Merging changes from one document into another

Hey Sam,

Sure you can do that. Maybe I misunderstood, but it might make sense to change the perspective a bit and work purely with document updates.

Yjs documents can be transformed to document updates (representing some state of the document). E.g. using update = Y.encodeStateAsUpdate(ydoc). Document updates are commutative (which allows, for example, p2p network protocols) and idempotent. Idempotency is a neat property because it allows you to create a powerful templating engine. Basically, it says that updates can be merged even if they contain duplicate information (the duplicate information is then stripped away in the output).

Here is a templating engine for text documents:

import * as Y from 'yjs'

// basic template that should be inherited by all
const basicTemplate  = new Y.Doc()
basicTemplate.getText().insert(0, '# Headline\n')

console.log('Basic template: \n' + basicTemplate.getText(''))
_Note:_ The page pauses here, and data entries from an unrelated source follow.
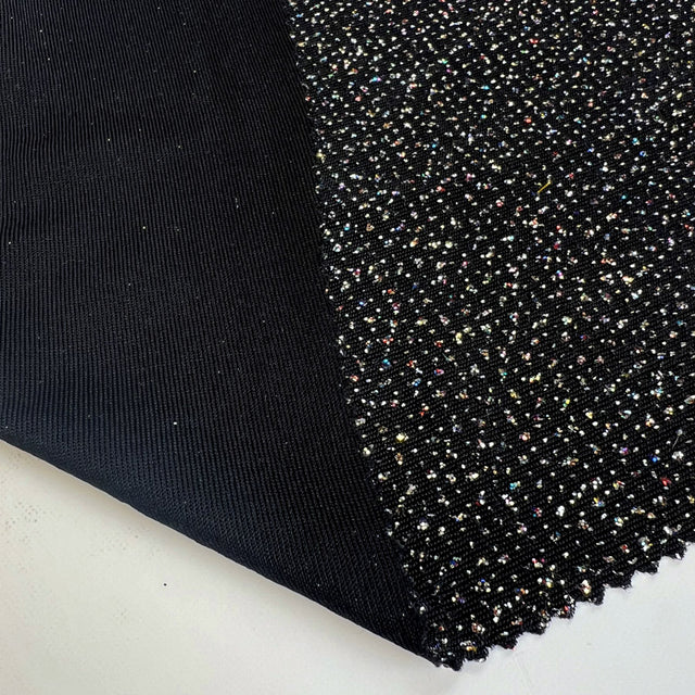 Dazzle the night away in our black knitted jersey fabric infused with multicoloured metallic yarns that catch the light with every movement. This stretchy material is perfect for creating stunning cowl neck tops that drape beautifully and add a touch of glamour to any outfit.
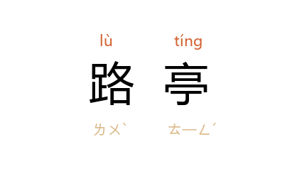 引徐蔚南 《山阴道上》:“道上有个路亭,我们每次走到路亭里,必定坐下来休息一会。”许杰 《惨雾》:“在那个荫着一株老树的路亭里面,他说她到 玉湖 后,过了几日就来看她。”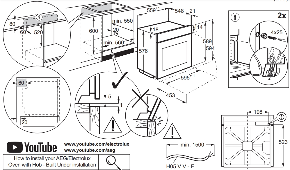 Electrolux LOE8P39X - схема с размерами версия 2 к духовому шкафу на разных языках на Hausdorf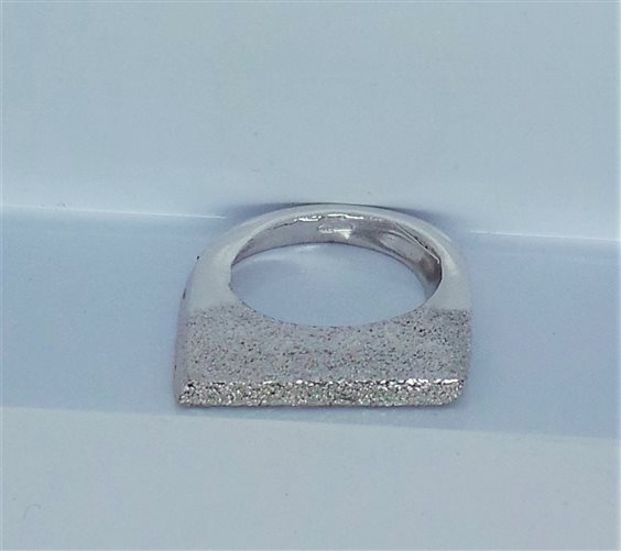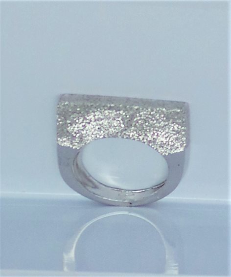 Anello in argento 925 rodiato. Lavorazione sabbiata martellata. Misura 15.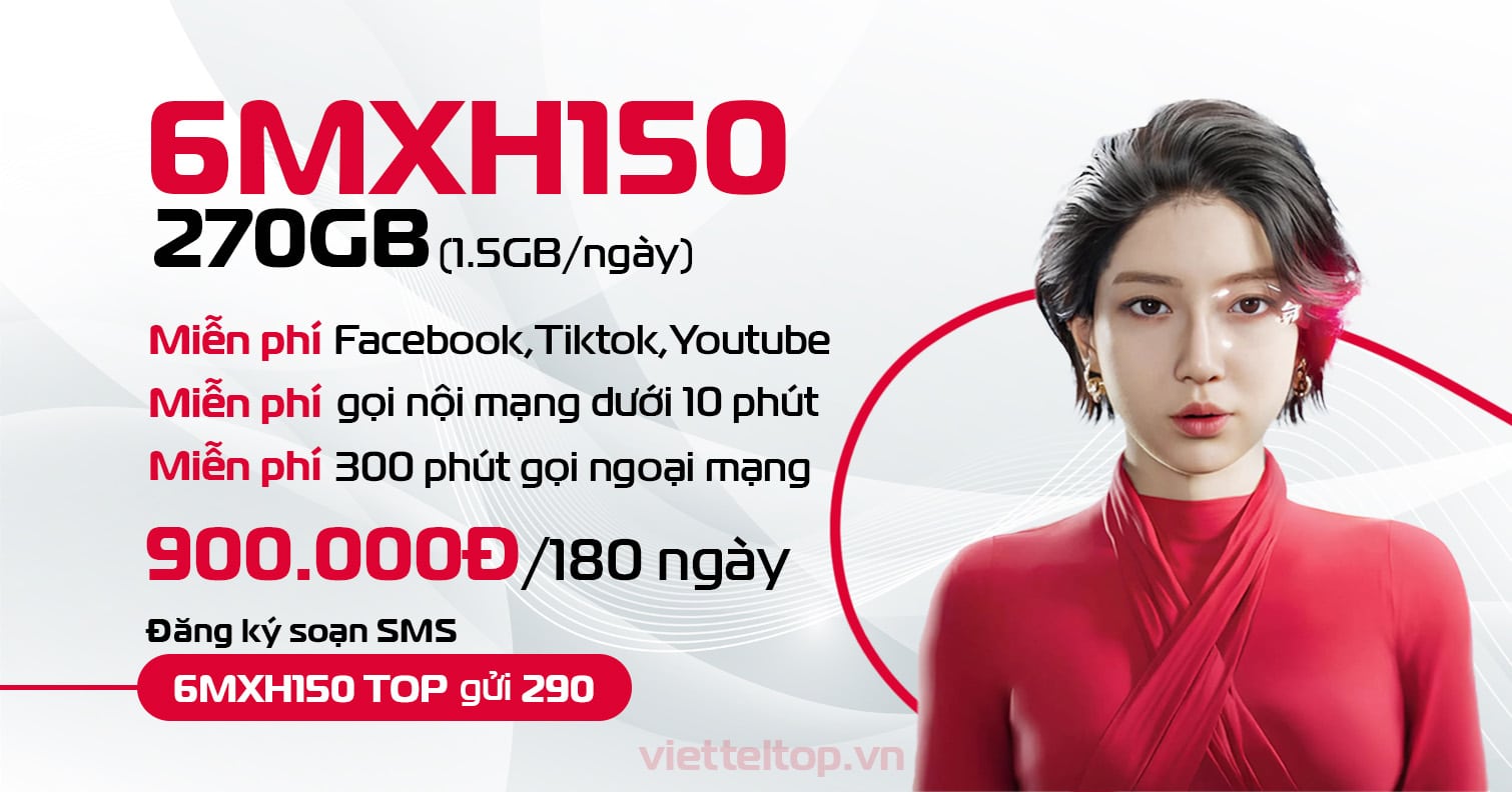 Nếu bạn đang tìm một gói 4G truy cập siêu mượt trong thời gian dài và có thể sử dụng mạng xã hội không giới hạn, thì 6MXH150 Viettel chắc chắn là lựa chọn đáng để đăng ký ngay hôm nay.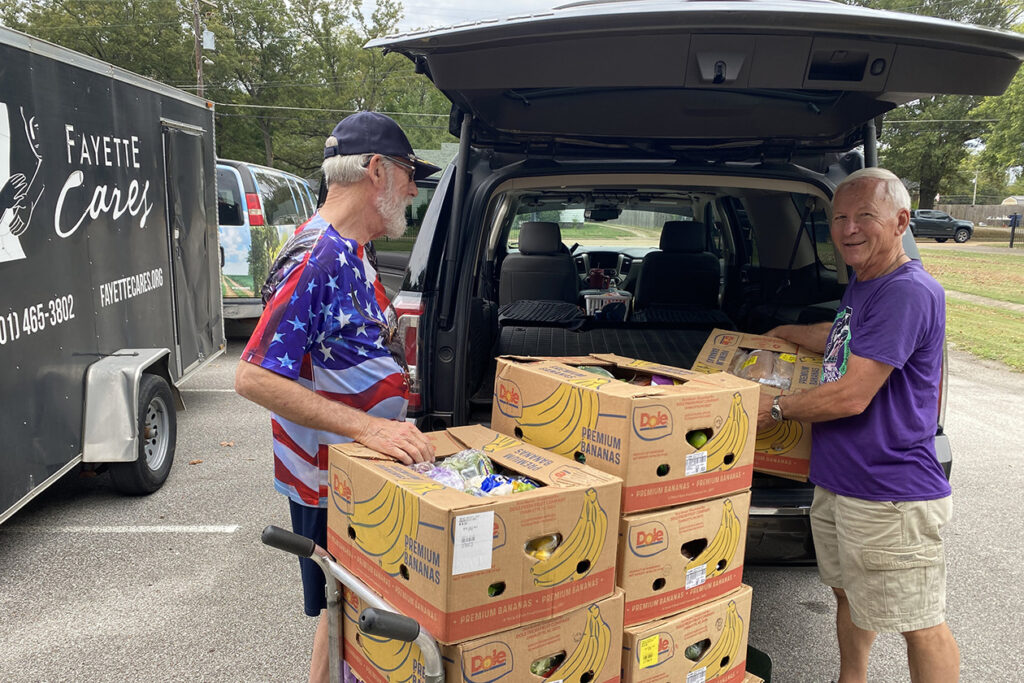 Fayette Care volunteers Wayne Drake and Phil Lemoine Unloading Produce for Food Panty Aid in anticipation of an increased need for food aid.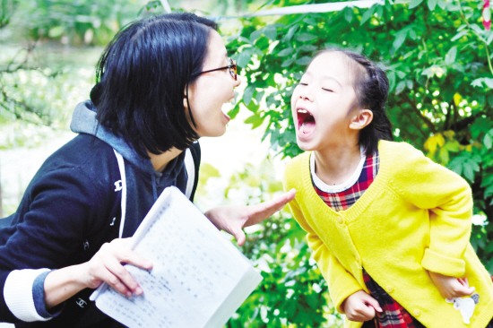 “h-e-he m-a-ma连起来念河马,河马是怎么叫的呀?”昨天下午,正在读一年级的王乐一和妈妈一起,在义乌骆宾王公园一个角落里练习拼音。王乐一妈妈用趣味的情境模式,让女儿学习拼音。她告诉记者,之前在家里陪女儿练习有些枯燥,就带着女儿来到公园练习大声朗读,这个方法激发了女儿的学习热情,又可以呼吸新鲜空气。

// meeting notes template change the headline and add a bullet list
const meetingNotes = new Y.Doc()
// inherit changes from basicTemplate
Y.applyUpdate(meetingNotes, Y.encodeStateAsUpdate(basicTemplate))
meetingNotes.getText().applyDelta([
  { retain: 2 }, // skip "# "
  { delete: 8 }, // delete headline
  { insert: "Meeting Notes" }, // add new headline
  { retain: 1 }, // skip newline
  { insert: "• \n• \n" } // add two bullet items
])

console.log('Meeting notes template: \n' + meetingNotes.getText())

// Now we create a document based on the meetingNotes template
const ydoc = new Y.Doc()
Y.applyUpdate(ydoc, Y.encodeStateAsUpdate(meetingNotes))
console.log('Document state:\n' + ydoc.getText())

// A client can perform some operations on any template. E.g. add a citation to the basic template
basicTemplate.getText().insert(10, "\n> citation")

// We need to apply the changes on all documents that use basicTemplate
Y.applyUpdate(ydoc, Y.encodeStateAsUpdate(basicTemplate))

// the new paragraph is added in the final document
console.log('New state:\n' + ydoc.getText())

Maybe you can adapt this for your own scenario. The above example works on text because it is the most complex scenario. But I think you will see that working with updates makes sense in this scenario. Let me know what you think.